The current analysis demonstrated the absence of any deleterious exonic variants in genes confirmed thus far to be associated with endometriosis (8). However, the results obtained implicate the UGT2B28 and USP17L2 genes in the pathogenesis of endometriosis. Neither of the genes has previously been reported to be associated with endometriosis, at least to the best of our knowledge. UGT2B28 is a member of the UGT2B gene family, which is known to be involved in the metabolism of steroid hormones and several other xenobiotics (17) and is widely expressed in the liver, as well as extrahepatic steroid target tissues (18). Germ line copy-number variation in the UGT2B28 gene has been associated with Addison's disease (19), while common polymorphisms and copy number variation of the gene affect steroid hormone abundance and has been implicated in the increase of prostate cancer risk (18,20).
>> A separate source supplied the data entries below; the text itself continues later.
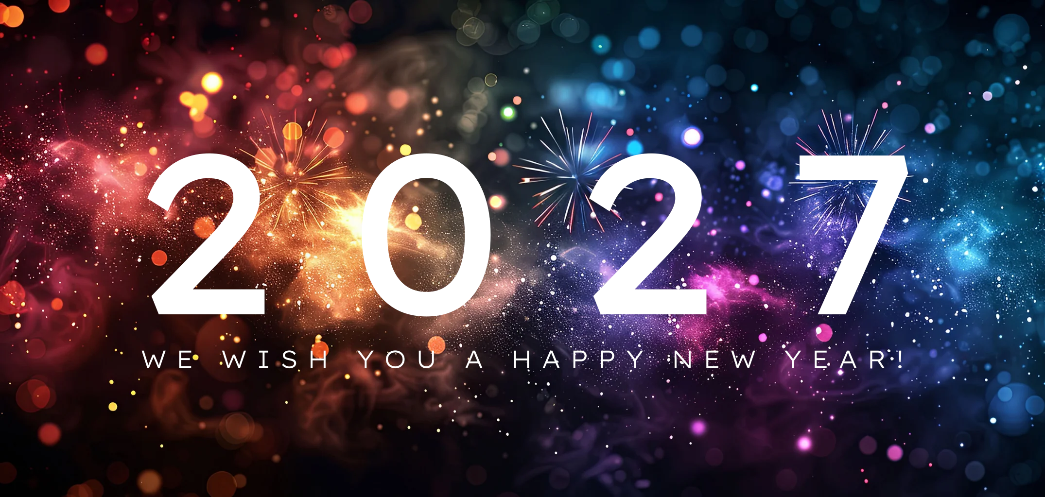 Deze sprankelende nieuwjaarskaart heeft een kleurrijke achtergrond vol vuurwerk in regenboogkleuren, met de jaartal "2027" opvallend gedrukt in luxe goudfolie. De wens "We wish you a happy new year!" maakt het een perfecte keuze voor een feestelijke start van het jaar. Deze tekst kunt u eenvoudig wijzigen in de editor. Ideaal voor zakelijke relaties, met een chique en opvallende uitstraling. In de kaart is ruimte voor het logo en een persoonlijke tekst.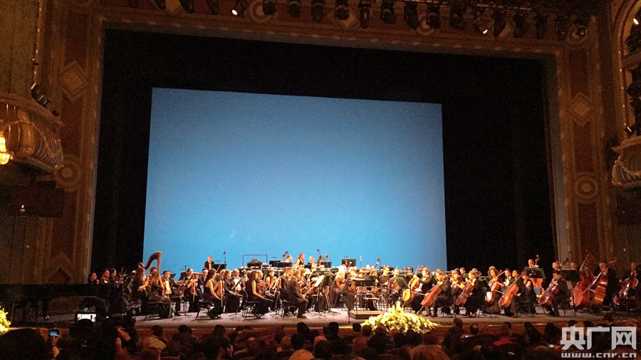 央廣網莫斯科9月15日消息 第二屆絲綢之路國際文化論壇系列活動于14日上午拉開帷幕,繼“相遇·暢想——絲綢之路國際青年藝術展”后,14日晚“新奧之夜——絲綢之路國際音樂會”在莫斯科最富盛名的俄羅斯國家大劇院新舞臺上演,共有來自絲路沿線14個國家的音樂家同臺表演。樂隊指揮是俄羅斯人民藝術家、俄羅斯國立電影交響樂團總指揮謝爾蓋·斯科利普卡先生。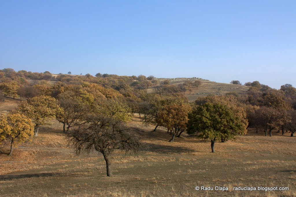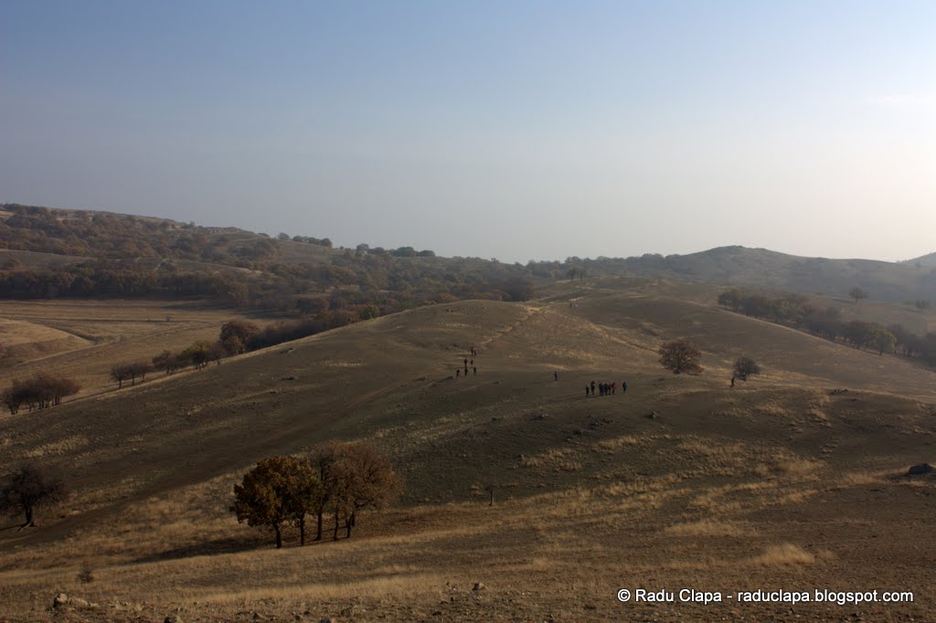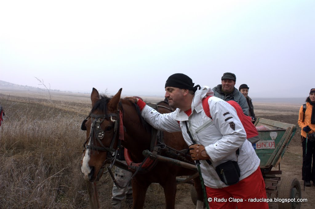 În scurt timp aveam să ne reîntâlnim cu nenea căruțaș de mai devreme. De data asta era parcat, și aștepta…. ce aștepta?? Nu contează. Ne-am oprit puțin pentru o regrupare, am mai schimbat câteva vorbe cu dânsul despre lupi și șacali, am aflat că lupii aduși să omoare șacalii au fost devorați ca niște pui fripți după postul mare. Ne povestea că a întâlnit o haită de șacali, că erau vreo douăzeci, dar ei nu sar la oameni… citând „și dracu fuge de oameni” De-o fi așa, de n-o fi…nu vreau să aflu…perspectiva unei întâlniri face-2-face cu un animal sălbatic carnivor care de obicei circulă în haită, nu prea mă încântă. Doar să fiu cu un grup de oameni mai mare decât numărul patrupedelor… Dar eu singur, contra unei haite….nu cred că jucăria aia de alungat câinii m-ar fi salvat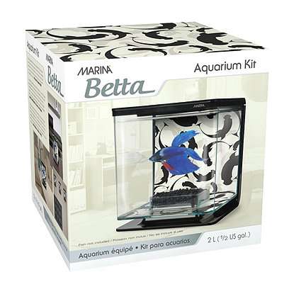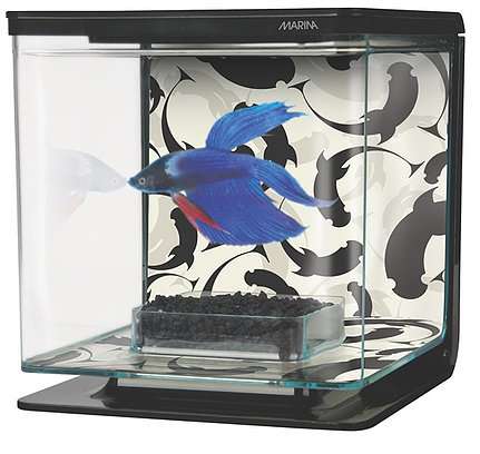 Marina Ying/Yang Betta Kit provides a cool and trendy way to showcase your betta. It includes all the basic equipment and is perfect for first-time betta keepers. The aquarium’s chic design blends in nicely in a variety of household or office settings and is a simple way to bring a calming element to your everyday environment. With a cubed dimension of only 6″, the aquarium takes up very little space and looks great on counters, desks, podiums or mounted on a wall.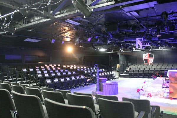 A primary component of the Fine Arts initiative of The Village Campaign, the auditorium remodel project includes retractable seating platforms, a brand new ceiling-mounted lighting grid, improved sound and lighting, new stage, and a redesigned exterior façade.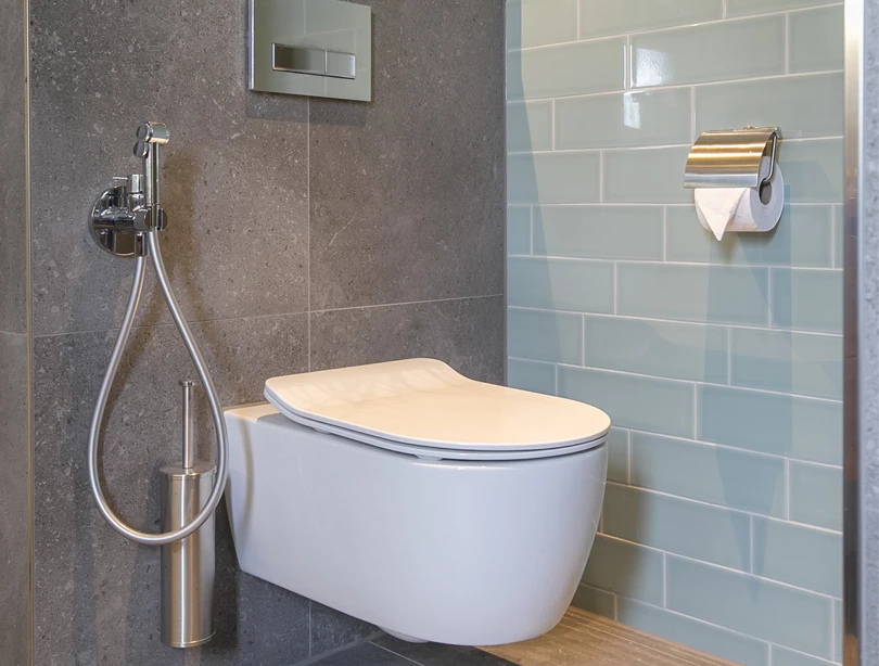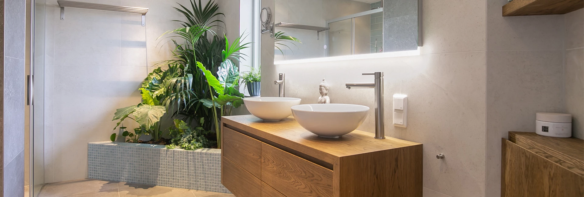 Voor dit badkamerontwerp zijn we op zoek gegaan naar een goede balans tussen modern en landelijk. De combinatie van de strakke grijze en groene tegels maken de badkamer erg trendy. Het gebruik van hout in het badkamermeubel en de planten zorgt voor de landelijke touch.
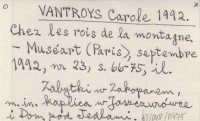 VANTROYS Carole 1992 Chez les rois de la montagne.

Deletions of this gene have been reported to be predictors of the prostate-specific antigen (PSA) level in clinically localized prostate cancer following surgical treatment (21). Based on the aforementioned findings, the important role of UGT2B28 in the regulation of the hormonal exposure of steroid target cells has been suggested, and it has also been suggested that the alteration of UGT2B28 function may affect the metabolism of sex hormones (22). However, the mechanisms through which UGT2B28 may affect the pathogenesis of endometriosis are not yet clear.

USP17L2 (also known as DUB3, DUB-3 or USP17) is a member of the USP17 subfamily of USPs, consisted by cysteine proteases (23) regulating key cellular processes, such as cell growth and survival (24). It is transiently induced in response to cytokines and, when it is constitutively expressed, can block growth factor-dependent proliferation (24). USP17L2 has deubiquitinating activity and its overexpression leads to apoptosis and cell death (25). Ubiquitin has been found to be expressed in endometriotic cells and, as suggested, may contribute to a reduced sensitivity of ectopic endometrial tissue to apoptosis (26). Thus far, USP17L2 has been suggested to possibly be a valuable biomarker for the prediction of ovarian cancer prognosis and its inhibition may be a potential strategy for ovarian cancer treatment (27). This gene plays a central role in the regulation of the transcription factors, Slug and Twist. Particularly, it has been found that USP17L2 interacts with and stabilizes Slug and Twist through de-ubiquitination (28). As is known, Slug, Snail and Twist are three key epithelial-to-mesenchymal transition transcription factors (EMT-TFs) that are tightly regulated via ubiquitination and degradation. Furthermore, the aberrant expression/activation of EMT-TFs can give rise to tumor angiogenesis, invasion and metastasis (29,30).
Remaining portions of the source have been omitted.